The tearful singer thanked her songwriting partner Paul Epworth for "believing in me all the time, and my man, I love you baby".

She wowed the audience of A-listers in the Dolby Theatre with her first ever live performance of the 23rd Bond film's title track.

Ben Affleck's Iran hostage thriller, Argo, won the Oscar for best picture, despite the star being snubbed in the best director category.

The nominees for best film were introduced by First Lady Michelle Obama from the White House, before she named Argo as the winner.

Affleck, who also starred in the film, paid tribute to the "genius" Spielberg whose film, Lincoln, lost out in the category.

Referring to his success with 1997's Good Will Hunting, he said: "I never thought I would be back here and I am because of so many of you who are here tonight."

He added: "It doesn't matter how you get knocked down in life, all that matters is that you get up."

It was the first time since Driving Miss Daisy in 1990 that a film won the top prize at the Oscars without its director also being nominated.

The show's host Seth MacFarlane, the man behind hit cartoon Family Guy, started proceedings by poking fun at the Academy for not nominating Affleck, saying the plan was "so top secret the film's director is unknown to the Academy".

Taiwanese director Ang Lee picked up the statuette for best director for Life of Pi, beating Spielberg who many expected would collect the award for Lincoln. Lee collected the same award for Brokeback Mountain in 2005.

In a night that was otherwise short on shocks Jennifer Lawrence claimed the best actress gong for Silver Linings Playbook.

The 22-year-old fell as she climbed the steps to the stage to claim her prize.

Some had predicted the award would go to French actress Emmanuelle Riva who starred in Amour and at 86 was the oldest woman ever to be nominated. She won a Bafta award earlier this month for the role.

Anne Hathaway picked up the best supporting actress statue for her role in the musical Les Miserables.

The star, who only featured as Fantine in the film for around 15 minutes, fought back tears as she said "it came true" and thanked her husband and everyone who worked on the film.

She had been widely predicted to win the award in a tough category where Sally Field, Helen Hunt, Amy Adams and Jacki Weaver were also nominated.

Christoph Waltz won the first award of the night, best supporting actor, for his role in Django Unchained.

Waltz offered thanks to his character and "to his creator and the creator of his awe-inspiring world, Quentin Tarantino".

It was the second time in three years he has won the category - his first Oscar was for his role in Tarantino's Inglourious Basterds.

Waltz beat off stiff competition from Alan Arkin, Robert De Niro, Philip Seymour Hoffman and Tommy Lee Jones.

Tarantino went on to collect the prize for best original screenplay.

Brave, the Scottish story of a rebellious, red-headed princess, won the Oscar for best animated feature.
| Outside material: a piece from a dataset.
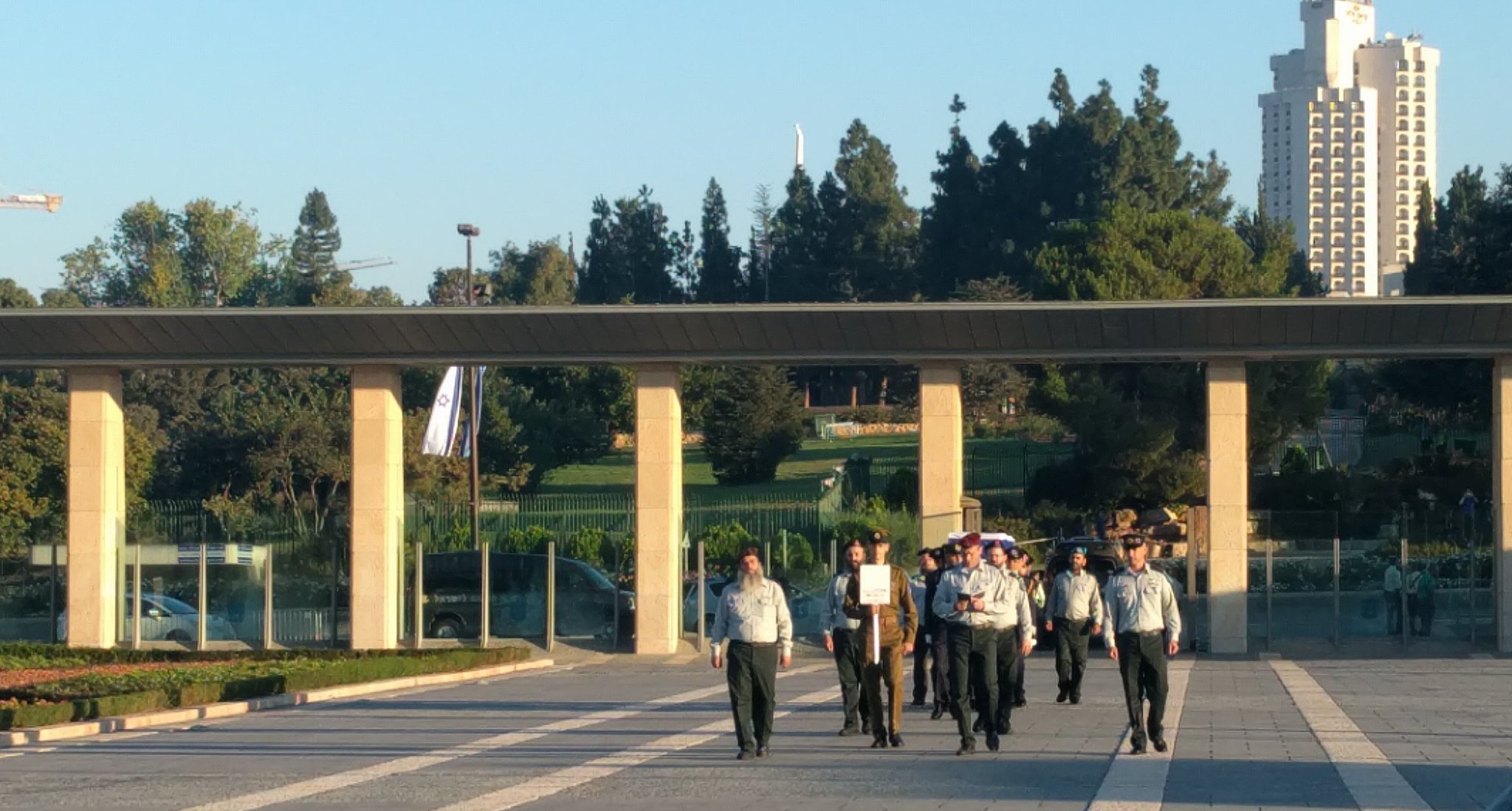 רחבת הכנסת: מנכ"ל הכנסת ומשמר הכנסת נערכים לקבלת ארונו של הנשיא התשיעי בעוד מספר דקות #ShimonPeres https://t.co/OpzXxWQJdO

Amour, a French-language film about an elderly couple won best foreign language film which was accepted by its Austrian director Michael Haneke.

Skyfall also won the trophy for best sound editing, which was tied with Zero Dark Thirty. It is only the third time in Oscar history that winners have been tied.

The night of British success started with Jacqueline Durran winning for her costume design on Anna Karenina and the make-up and hairstyling award went to Lisa Westcott and Julie Dartnell for Les Miserables.

The presentation of awards was broken up by a series of musical performances including Catherine Zeta-Jones singing All That Jazz from Chicago and Jennifer Hudson performing I'm Telling You from Dreamgirls.

A tribute to the Bond films and music made up of classic clips of 007's adventures was introduced by one-time Bond girl Halle Berry.

And 76-year-old Dame Shirley Bassey took to the stage in a gold dress to sing Goldfinger which received a standing ovation.

But it was a medley of Les Miserables songs sung by the cast that left the audience with goosebumps.